Finding non-English key names for cleanup while only speaking English
Posted by watmildon on 22 November 2022 in English (English).The Goal
While working through some edits in Indonesia I noticed object with the key “nama”. A quick search revealed that this in Indonesian for “name” and the objects can very likely be modified to use the standard English. I wondered, how common is this? Is it easy enough to track down?
The Plan
As a test run I picked 4 tags: name, building, source, type. These show up in TagInfo in abundance and I’m sure there are lots of other good candidates.
Next step is to get usable translations. It turns out Google Sheets has a GOOGLETRANSLATE function that takes a word and will return translations into various languages. I pulled in the two letter language code list and built my sheet. After eliminating all languages that Google Translate didn’t support and all languages with non Latin characters I was left with ~80 languages to check.

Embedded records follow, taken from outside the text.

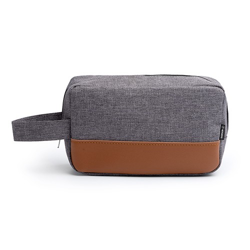 RDT3017677Pochette fabriquée en RPET avec insert en PU à la base. Poignée pratique assortie pour le transport. Grand compartiment avec fermeture éclair. Étiquette extérieure en RPET. Matières : RPET, PU
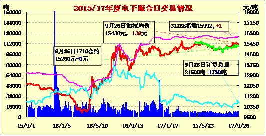 9月26日電子撮合交易成交量減少,合同均價全部收漲,成交積極合約主要集中于中遠期合同,MA1802成交量最大,為2090噸;訂貨量減少,其中MA1802增加最多,為980噸;合同均價多數(shù)上漲?,F(xiàn)貨市場穩(wěn)定,臨近假日商家清庫等待新棉為主,成交零星,一商家內(nèi)地庫手摘疆棉3128級強力26-27倉單棉銷售報價在16400-16500元/噸。
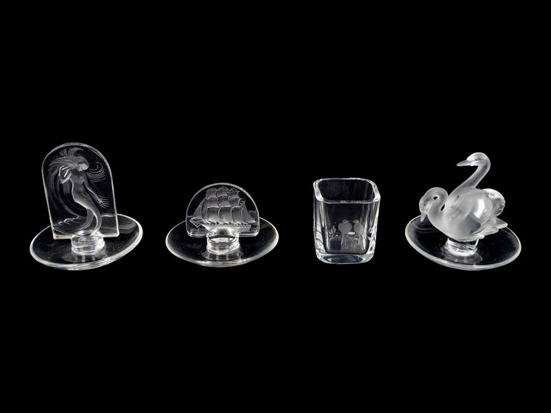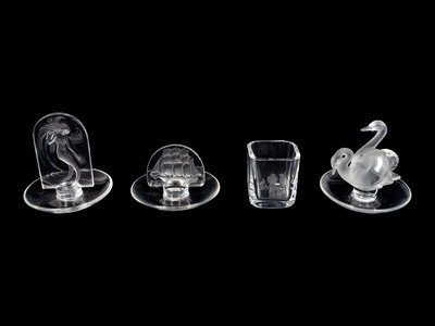 Three Lalique Ring Trays and an Orrefors Toothpick Holder
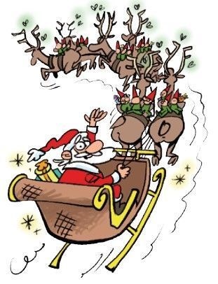 part pour sa tournée avec 6 rennes. Chaque renne transporte 3 lutins sur
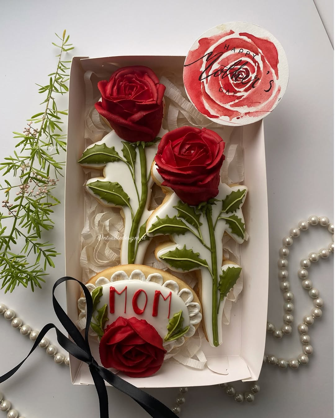 Realistic red roses meet intricately iced stems in this striking cookie set that leans into romance and drama. Crisp white bases and piped green leaves create the perfect canvas for those bold, velvety blooms. A single scalloped cookie stamped with “MOM” ties it all together—elegant, minimal, and just a little bit vintage. Ideal for upscale gifting when flowers alone don’t cut it.

The last step was to pull usage information. Fortunately for me TagInfo has an exceptionally well documented REST API. Fifty lines of C# later and I had my results.
The Results
Clicking through a few of these in TagInfo reveals some more likely candidates for cleanup.
name | 92528930 |
nome | 166 |
Name | 7 |
Nom | 62 |
Nome | 31 |
non | 6 |
név | 1 |
nama | 133 |
nombre | 207 |
building | 537924316 |
bangunan | 4 |
Bangunan | 1 |
budynek | 2 |
source | 242170152 |
bron | 13 |
fonte | 16 |
Source | 66914 |
fuente | 57 |
kaynak | 8 |
type | 10603620 |
tip | 382 |
tipo | 375 |
typ | 65 |
Typ | 6 |
genus | 902468 |
tipas | 2 |
Type | 283 |
tur | 8 |
Comment from n76 on 22 November 2022 at 23:29
Sounds like you have a found some good things to clean up.

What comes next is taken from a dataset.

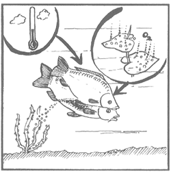 environnementales. Dans l'eau, que ce soit en eau libre ou en élévage, les agents pathogènes existent dans un état latent et vivent en équilibre avec les poissons. En cas de déséquilibre de l'environnement, les agents pathogènes peuvent se développer rapidement et quand ils ont atteint des concentrations élevées, ils peuvent nuire aux poissons. Certaines espèces présentent des résistances spécifiques à certaines maladies. |

I see you have “genus” as a translation of “type” but you should be aware that “genus” is a valid tag for tagging plants so you may want to refine that one a bit more. Maybe if you find a
genus=*
tag withoutnatural=*
and/or other associated tags likespecies=*
they could be candidates.Comment from watmildon on 23 November 2022 at 03:26
Oh absolutely. I was curious about “genus” and it’s only in the list because Latin was one of the “languages” that happened to survive my sorting. I highly doubt anyone is actually accidentally submitting Latin into the database. Casting a wide net means you’ll very often find false positives!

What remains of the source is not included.